== Input

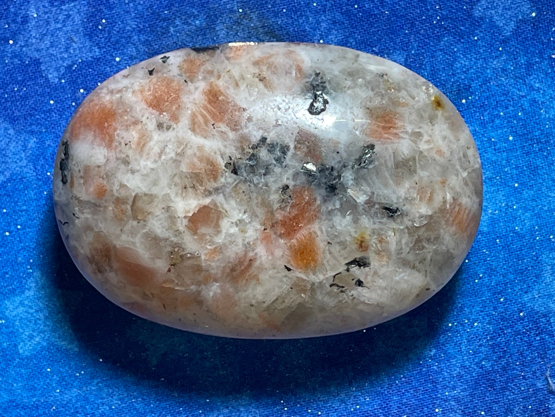 This beautiful Sunstone Palm has so much going on. It has flecks of Sunstone with the orange flash. It also has smokey quartz and rainbow flashes in it. There are quartz windows in it so that you can see inside. This little gem measures 2 1/3 inches by 1 3/5 inches. Sunstone is a leadership stone providing strength, abundance of blessings, and helps mature male energy.
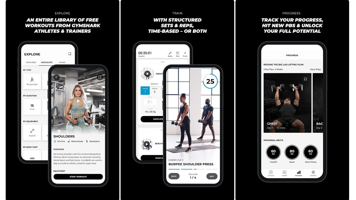 Приложение Gymshark Training предлагает доступ к тысяче бесплатных тренировок, разработанных профессиональными тренерами и спортсменами. Оно помогает сформировать полезные привычки — от обычной ходьбы до занятий в тренажерном зале, годовых планов бега и других активностей.
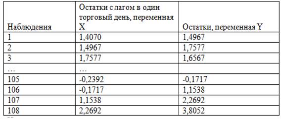 Например, при наличии автокорреляции со сдвигом (лагом) в один период времени (в данном случае в один торговый день) величина остатка наблюдения 1 влияет на величину остатка наблюдения 2, а величина последнего ? на величину остатка в наблюдении 3 … И так далее.
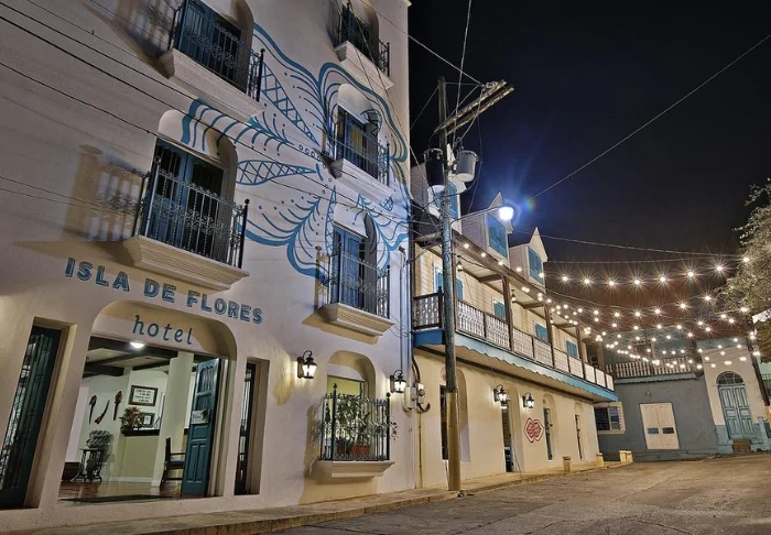 Hotel Isla de Flores on viihtyisä hotelli viehättävällä Isla de Floresin saarella. Hotelli sijaitsee keskellä Floresin historiallista keskustaa, missä sitä ympäröi hieno siirtomaa-ajan arkkitehtuuri. Lähikaduilla on lukuisia hyviä ravintoloita ja pieniä kahviloita.
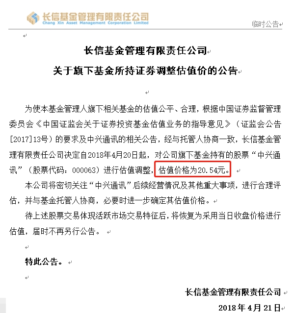 长信基金今日公告,自4月20日起,对公司旗下基金持有的股票“中兴通讯”(股票代码:000063)进行估值调整,估值价格为20.54元。 而就在3天前即4月18日,长信基金才公告表示自4月17日起,对公司旗下基金持有的中兴通讯进行估值调整,估值价格为25.36元。
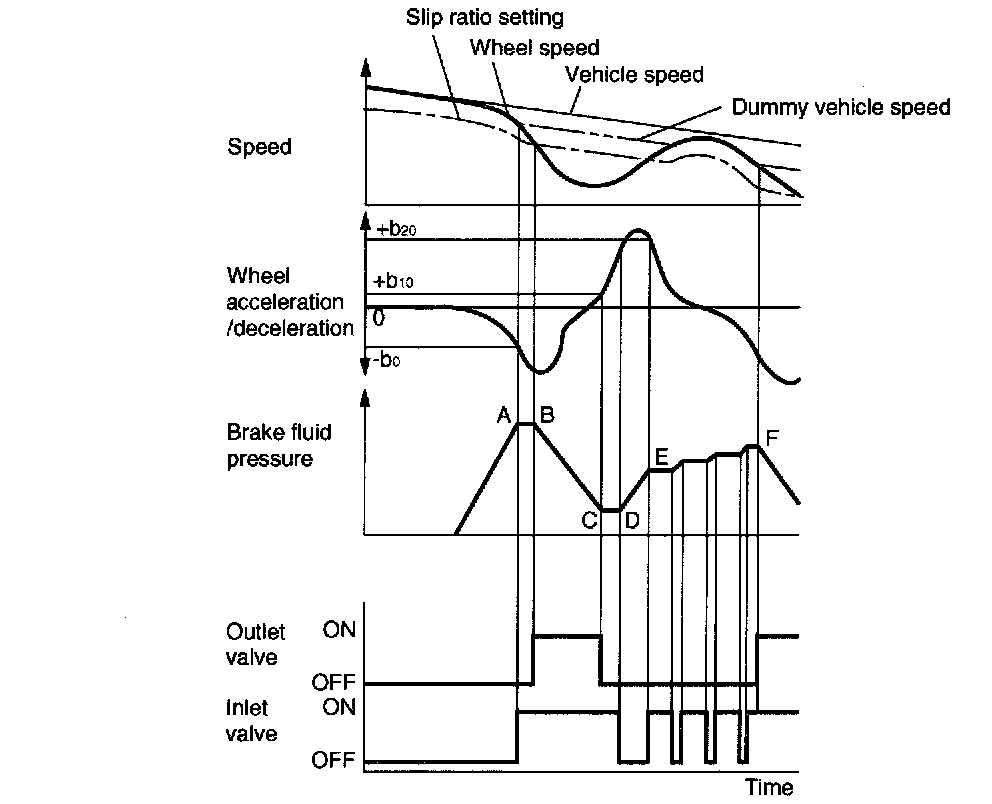Depressing the brake pedal increases the brake fluid pressure in each wheel cylinder, which in turn decreases the wheel speed (or increases the wheel deceleration rate). When the brake fluid pressure is increased to a level of point "A" of the brake fluid pressure curve in the diagram below (at which the wheel deceleration rate exceeds threshold "-b0"), the ABSCM makes a pressure "hold" control. At the same time, the ABSCM calculates a "dummy" vehicle speed which is a reference speed it uses in the next stage of control.
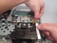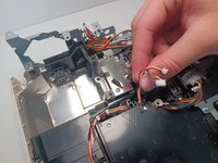 Press on the metal connector and firmly pull on the remaining ribbon cable.
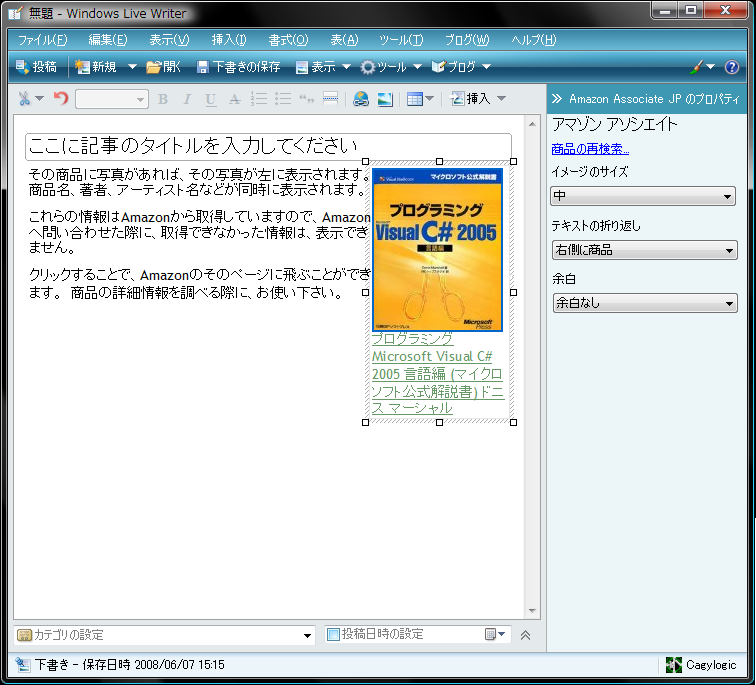 Windows Live Writer上で、Amazonアソシエイトへのリンクを 簡単に挿入することができるプラグイン、Amazon アソシエイト プラグイン ver 1.4.1 for Windows Live Writerの取り扱い説明書です。
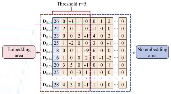 As shown in Figure 5, when the optimal threshold τ = 5, the DCT coefficients for each quantised DCT coefficient block are rearranged to form a reordered coefficient vector denoted as {D(1,1), D(1,2), …, D(8,8)}. The first τ coefficients of each vector constitute the embedding region for information embedding, while the remaining coefficients form the non-embedding region, which remains unchanged to preserve visual quality and minimise file expansion.

====

__Your instructions__: Only text belongs in the copy: repeat each line of the data exactly and leave out the pictures.

__Answer__:
 This beautiful Sunstone Palm has so much going on. It has flecks of Sunstone with the orange flash. It also has smokey quartz and rainbow flashes in it. There are quartz windows in it so that you can see inside. This little gem measures 2 1/3 inches by 1 3/5 inches. Sunstone is a leadership stone providing strength, abundance of blessings, and helps mature male energy.
 Приложение Gymshark Training предлагает доступ к тысяче бесплатных тренировок, разработанных профессиональными тренерами и спортсменами. Оно помогает сформировать полезные привычки — от обычной ходьбы до занятий в тренажерном зале, годовых планов бега и других активностей.
 Например, при наличии автокорреляции со сдвигом (лагом) в один период времени (в данном случае в один торговый день) величина остатка наблюдения 1 влияет на величину остатка наблюдения 2, а величина последнего ? на величину остатка в наблюдении 3 … И так далее.
 Hotel Isla de Flores on viihtyisä hotelli viehättävällä Isla de Floresin saarella. Hotelli sijaitsee keskellä Floresin historiallista keskustaa, missä sitä ympäröi hieno siirtomaa-ajan arkkitehtuuri. Lähikaduilla on lukuisia hyviä ravintoloita ja pieniä kahviloita.
 长信基金今日公告,自4月20日起,对公司旗下基金持有的股票“中兴通讯”(股票代码:000063)进行估值调整,估值价格为20.54元。 而就在3天前即4月18日,长信基金才公告表示自4月17日起,对公司旗下基金持有的中兴通讯进行估值调整,估值价格为25.36元。
Depressing the brake pedal increases the brake fluid pressure in each wheel cylinder, which in turn decreases the wheel speed (or increases the wheel deceleration rate). When the brake fluid pressure is increased to a level of point "A" of the brake fluid pressure curve in the diagram below (at which the wheel deceleration rate exceeds threshold "-b0"), the ABSCM makes a pressure "hold" control. At the same time, the ABSCM calculates a "dummy" vehicle speed which is a reference speed it uses in the next stage of control.
 Press on the metal connector and firmly pull on the remaining ribbon cable.
 Windows Live Writer上で、Amazonアソシエイトへのリンクを 簡単に挿入することができるプラグイン、Amazon アソシエイト プラグイン ver 1.4.1 for Windows Live Writerの取り扱い説明書です。
 As shown in Figure 5, when the optimal threshold τ = 5, the DCT coefficients for each quantised DCT coefficient block are rearranged to form a reordered coefficient vector denoted as {D(1,1), D(1,2), …, D(8,8)}. The first τ coefficients of each vector constitute the embedding region for information embedding, while the remaining coefficients form the non-embedding region, which remains unchanged to preserve visual quality and minimise file expansion.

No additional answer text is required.